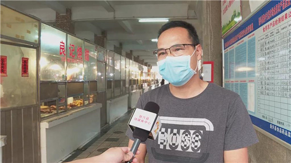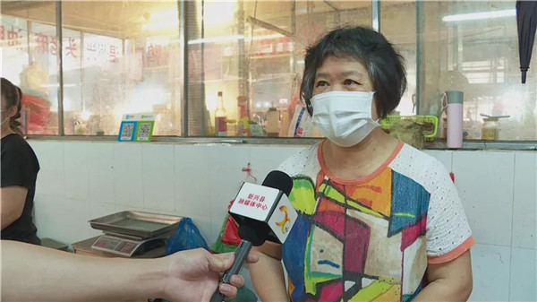 中心市场经营者:"平时也有消毒、测体温,问下价钱报价,对防疫各个方面提高了认识,戴口罩后,保护到自己也保护到他人。"
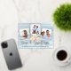 Enviar Navidades cálidos desde la playa con esta tarjeta personalizada de vacaciones costeras con 3 fotos y caligrafía de "Mares y saludos" impresa con Relieve metalizado de oro real. En el centro hay un grupo de conchas acuáticas, con un fondo de madera en la playa.
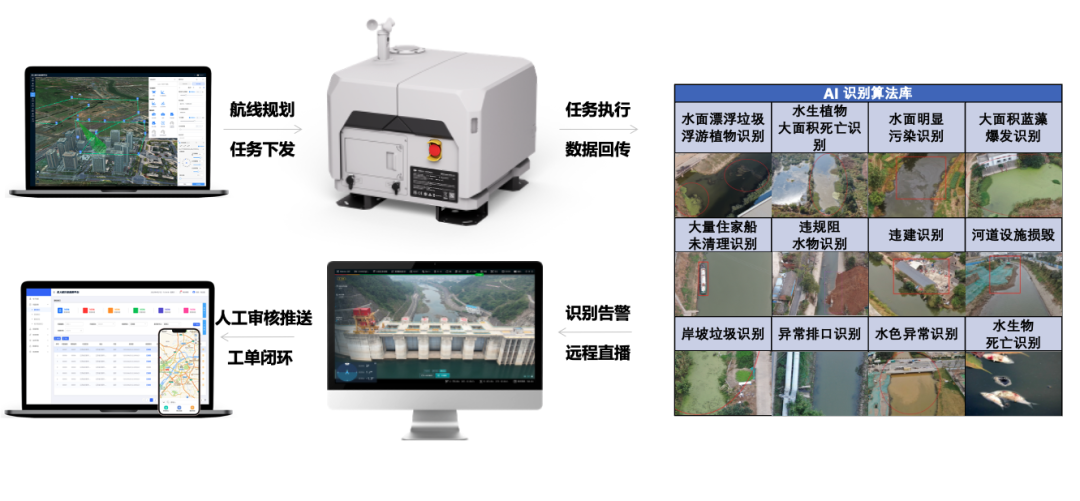 在日常巡检作业中,无人机自动巡检河道周围、入江排口等重点区域,AI 视频流识别技术实时监测,快速识别问题点。从黑臭水体到漂浮垃圾,都逃不过“无人机天眼 + AI 识别”。

(THE PROBLEM) No pictures belong in the copy. Retype exactly, and only, the lines from the line containing "Enviar Navidades cálidos" through the last line of the data, both included.

(THE COMPLETED TASK)
 Enviar Navidades cálidos desde la playa con esta tarjeta personalizada de vacaciones costeras con 3 fotos y caligrafía de "Mares y saludos" impresa con Relieve metalizado de oro real. En el centro hay un grupo de conchas acuáticas, con un fondo de madera en la playa.
 在日常巡检作业中,无人机自动巡检河道周围、入江排口等重点区域,AI 视频流识别技术实时监测,快速识别问题点。从黑臭水体到漂浮垃圾,都逃不过“无人机天眼 + AI 识别”。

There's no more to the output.